President Bush should not be demonised, writes Gerard Baker
Last weekend, a couple of dozen miles and a large mood swing away from the stein-wielding, lederhosen-clad revellers of the Oktoberfest, a group of American and German scholars, policymakers and journalists gathered in the Bavarian countryside for yet another examination of the US-European relationship.
The conference, a joint venture between Atlantik-Brucke, a German think-tank, and the Atlanta-based Southern Center for International Studies, took place on the shores of Starnberger See, a long finger of placid water best known as the site where King Ludwig II is reputed to have drowned himself.
Though the simple bucolic grace of the location was invigorating enough, it was hard to lift an enshrouding gloom of the sort that must have driven poor old Ludwig to take his own life.
It is not just that the US and Germany remain on opposite sides of the Iraq equation, or that the transatlantic rift over fighting terrorism is as wide as ever. Nor is it simply that Europe's steadily ticking demographic time-bomb is filling Germans especially with deep foreboding about the old continent's relevance to the US and the wider world in the next half-century.
For this conferee the most troubling conclusion of the fascinating discussion - as well as others I have attended recently - is the vast gulf of misunderstanding that still separates the two sides.
It is only on trips to Europe that it is possible to see clearly the unique position the current American administration occupies in the demonology of many Europeans.
I was told, for example, over the course of the weekend by a senior German government official, in all seriousness, that the real reason President Bush had gone to war in Iraq was because he is a Christian fundamentalist who sees his destiny in messianic terms, smiting the enemies of God everywhere.
Another pundit, this time from the private sector, repeated the now familiar canard that it was southern Bible Belt piety that lay behind US policy towards Israel - almost half of Americans believe apparently that Ariel Sharon is simply fulfilling biblical prophecy and, while we're on the subject, let's not forget that Tony Blair has shown a disturbing commitment to religious convictions, too. By contrast, of course, Germany and France pursue a policy of enlightened rational secularism at all times.

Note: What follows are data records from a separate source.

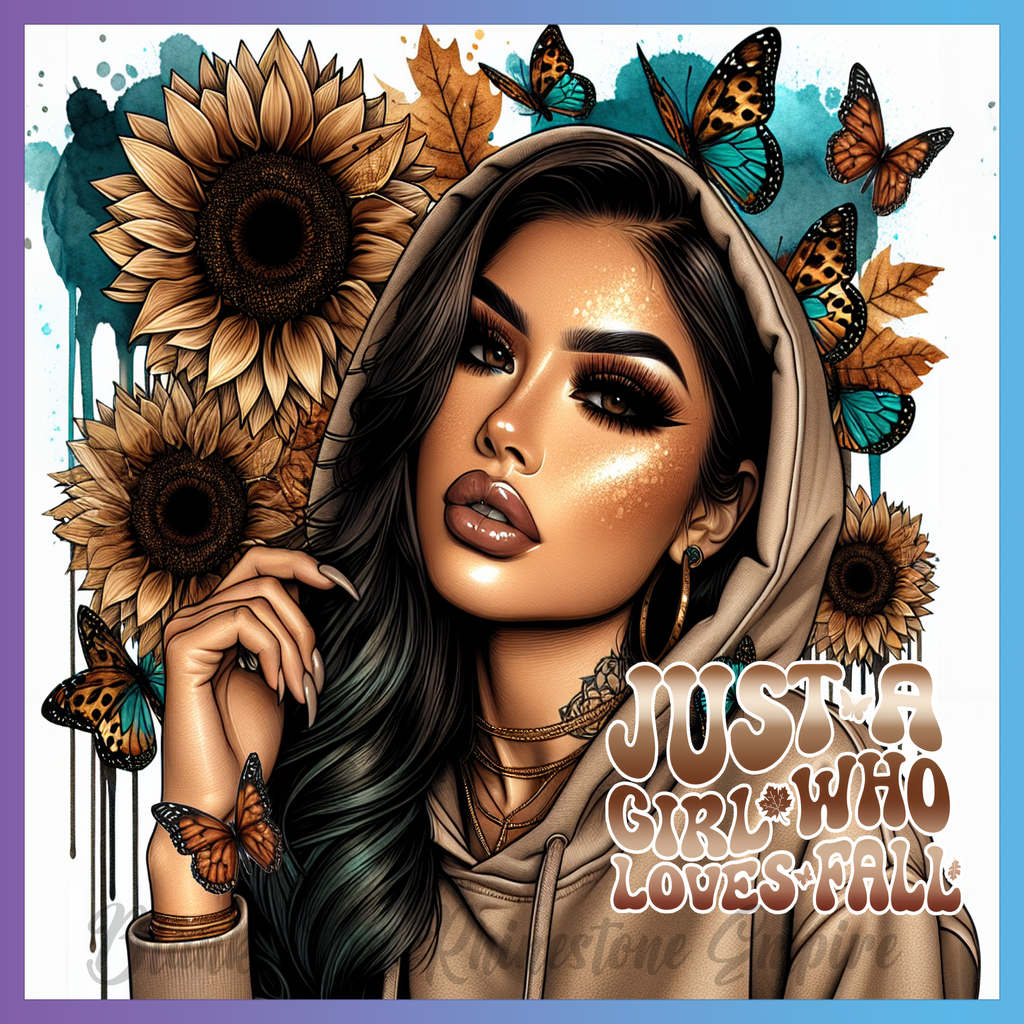 Theme: Girl with sunflowers, butterflies, autumn, hoodie.
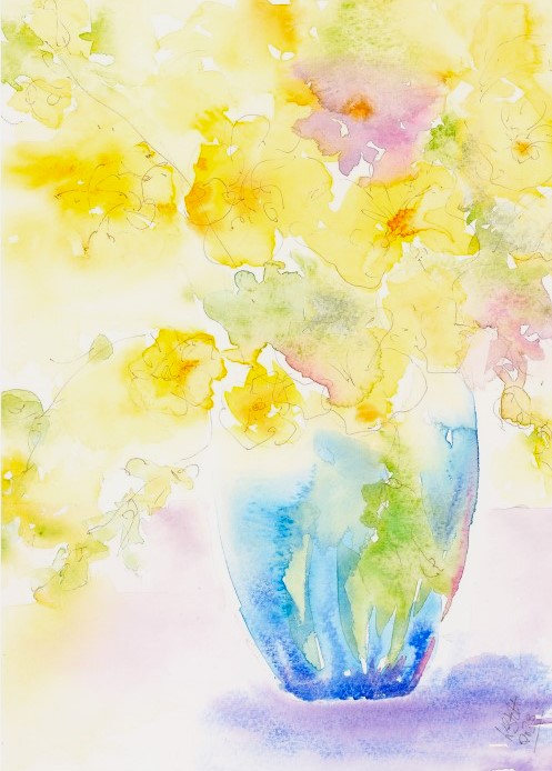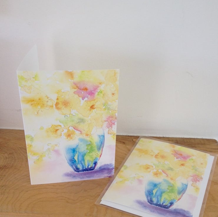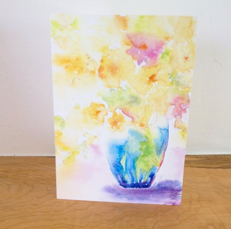This card was printed from one of my original watercolour paintings. It's quite bright & vibrant but still delicate and is one of my most favorite pieces of work. The card surface is slightly glossy and is of a good weight and quality.
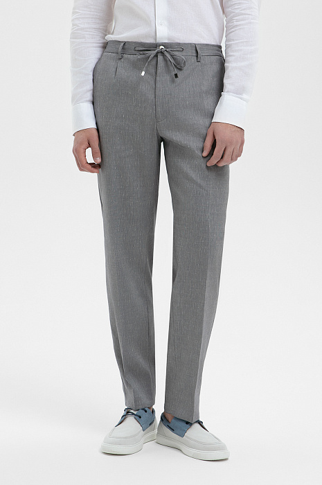 Брюки из шерсти, льна и шелка, цвет серый, цена 17 990 руб., код 271038 - купить в Санкт-Петербурге в интернет-магазине KANZLER

It occurred to me as I listened to this that perhaps large numbers of Europeans honestly believe that President Bush gets down on his knees every day and seeks divine assistance on how to handle the next issue of 10-year Treasury bonds.

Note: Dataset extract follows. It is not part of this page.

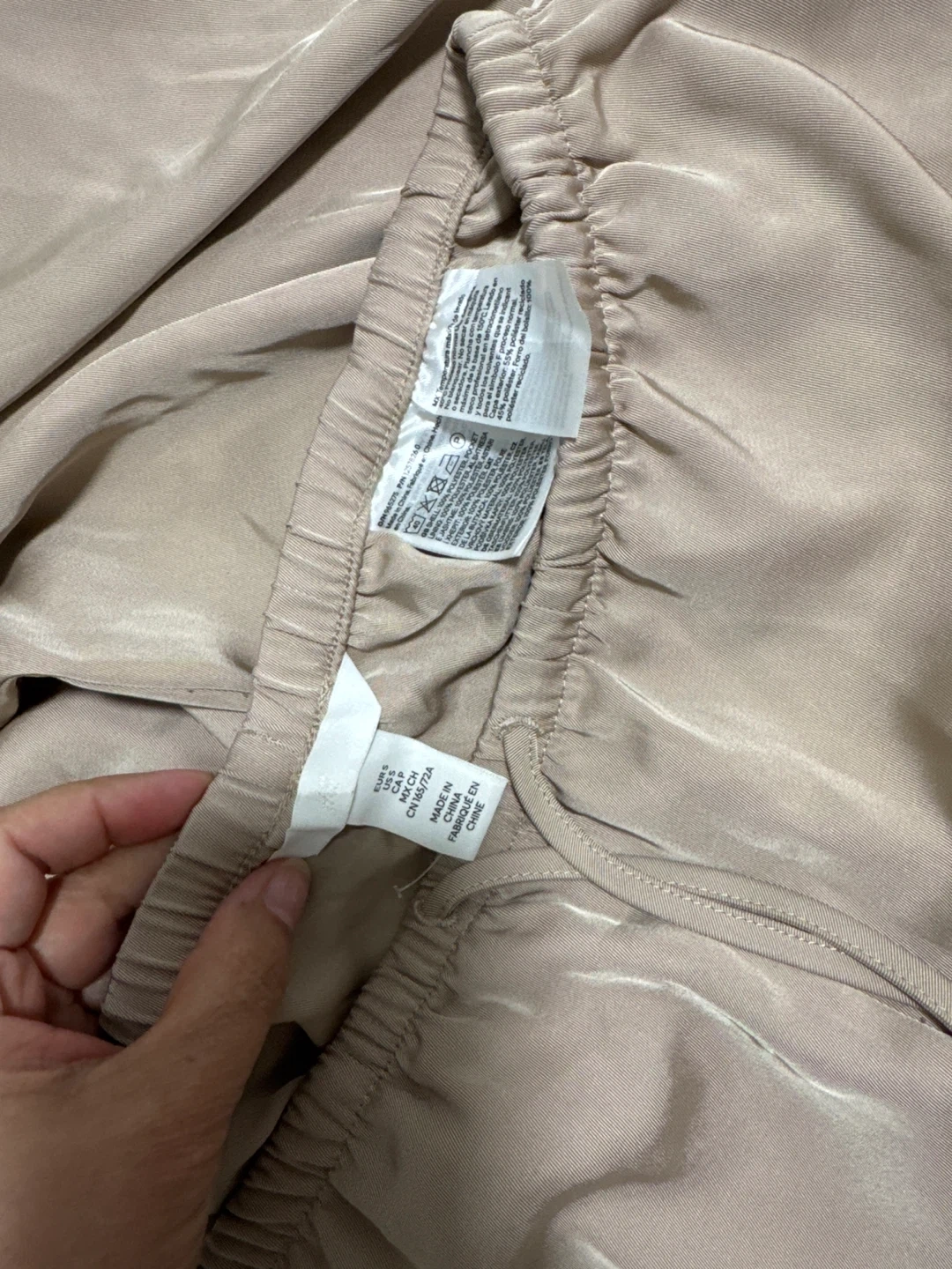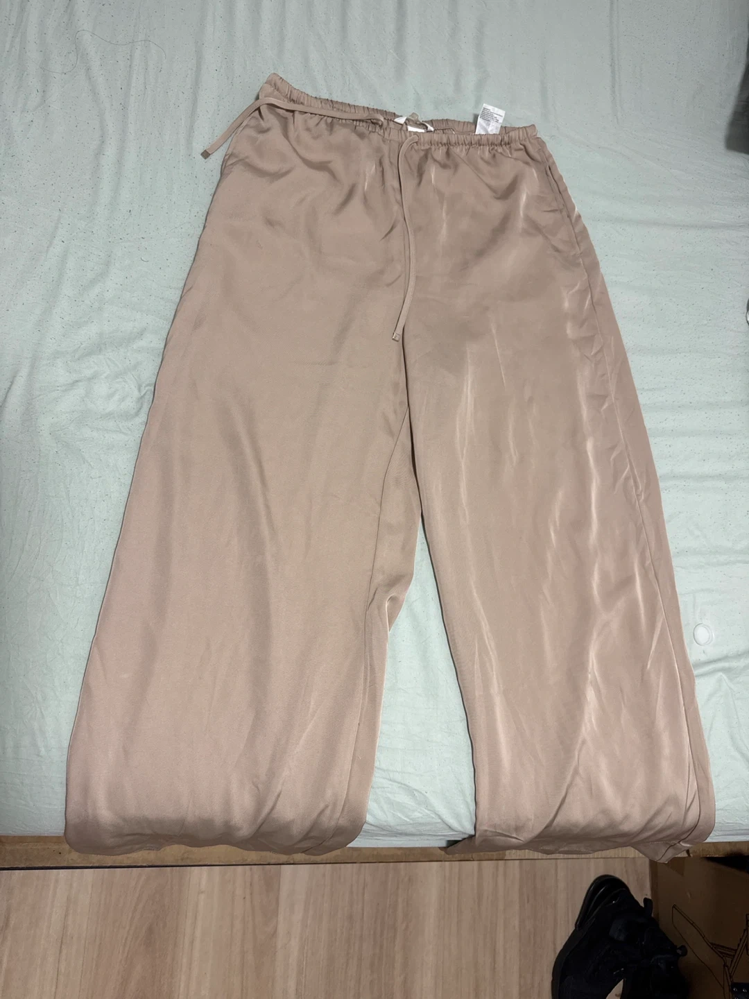 Lightweight wide leg satin pants. Elastic waistband with drawstring. Side pockets. Made in China. Polyester material.

There is nothing new about this cliched view of America, but it is much more pernicious now. The most powerful illusion under which many Europeans seem to be labouring is the idea that if only President Bush would go away, the world would revert to the status quo ante, a mythical world of brotherly love and UN-mandated multilateralism.
As President Bush's Iraq-related domestic political troubles mount, many Europeans are starting to ponder excitedly the prospect of a return to that utopia. It is as though they expect that in his first few weeks in office, President Wesley Clark or Howard Dean will open the cells on Guantanamo Bay, send the blue helmets into Iraq, adopt Kyoto as the 28th amendment to the US constitution and prostrate himself in front of the Elysee Palace to beg for Jacques Chirac's forgiveness.
No one knows what the outcome of the next election will be, nor the direction of US policy. At present, the intensifying warfare over who is to blame for the problems in Iraq masks a fragile consensus that the US must slog it out in the Middle East for the time being. Depending on events in Iraq and the state of the economy at home, that consensus could buckle and policy could change with or without a change of administration.
But Europeans should not think that if it does change, it will necessarily shift in a cuddly direction. The most persuasive speech I heard at last weekend's conference was by retired Gen Zeb Bradford, a veteran of Nato debates for decades.
If the US fails in Iraq, or the American people simply get tired of the challenge there, he said, don't think it will usher in a new era of multilateralism. As the wise general put it, in American history the alternative to unilateralism is not necessarily multilateralism. It is at least as likely to be isolationism.
All the current domestic political tendencies point not in the direction of renewed US commitment to working with allies, but towards a reversion to the familiar US reluctance to work with anyone at all.
The only real threat America poses is not over-exertion of its influence around the world, but under-exertion. Europeans might find that outcome even less agreeable than the current one.